Behrman House Blog

The Wrong Side of the Digital Divide

 

We’ve learned from Garrison Keillor that in the town of Lake Wobegon 90 percent of the children are above average.  How great for them.  But when we apply technology to education, the Jewish community is on the wrong side of the tracks: the rest of the world is far ahead of us. Far more than half of us are below average.

A recent Behrman House survey of the parents of religious school students revealed that almost all have high-speed internet access, and three-quarters use it for at least some secular educational purpose.  On the other hand, even the most successful Hebrew training software is adopted in fewer than 40 percent of the schools where it could be used; the digital content of religious education overall is even lower.

 

The Digital Gap

How can this be?  Has our identity as “the people of the book” blinded us to the advantages of technology?  But that can’t be—we revel in the percentage of Nobel Prizes we’ve achieved. And we compete—successfully—throughout the secular world.  Do we think that technology doesn’t advance our purposes?  That can’t it be either—we know that our children learn, make friends, form communities, and affiliate with like-minded people using technological tools that weren’t even dreamed of when we were their age.

Despite this, we check our technology—our innovation—at the door when it comes to educating our children in our religion and heritage.  And it comes at a cost.

The cost is the compromise of Jewish religious education, in two ways: Most obviously, we fail to use many powerful tools and technologies.  Online video, blogs and posting software, smart phones, games, and more—are all ways to engage children and to provide meaningful and enduring experiences, not to mention connections with the rest of the Jewish community.

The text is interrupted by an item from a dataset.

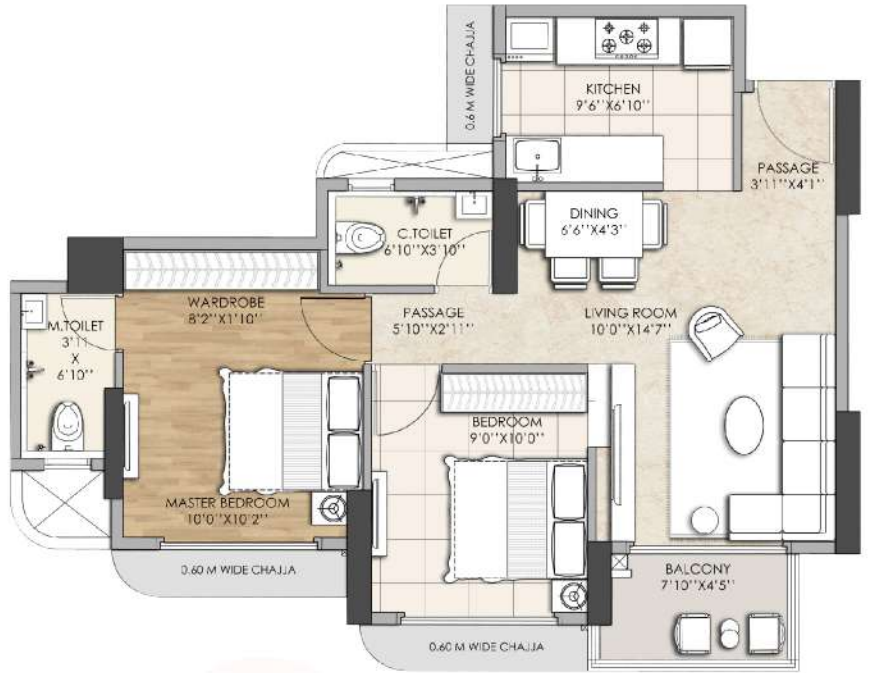
UNIT PLAN - 3

Equally importantly we send a message: that the latest technologies—the ones our kids find so compelling—aren’t right for the Jewish world.  Either they’re irrelevant, we say by ignoring them, or the enterprise of Judaism isn’t important enough for us to use them.  Neither one is true, of course, but that’s what we say, every time we send out a sloppy black-and-white photocopy instead of a full color brochure, every time we fail to send our kids to the web for the kind of learning we want them to have.

So what to do?  First we need to understand why it’s happening—why technological innovation within the Jewish community has lagged.  Why there’s a Digital Gap.   Then we must close the gap.

How?  We’re working on ways.  Join me in the discussion.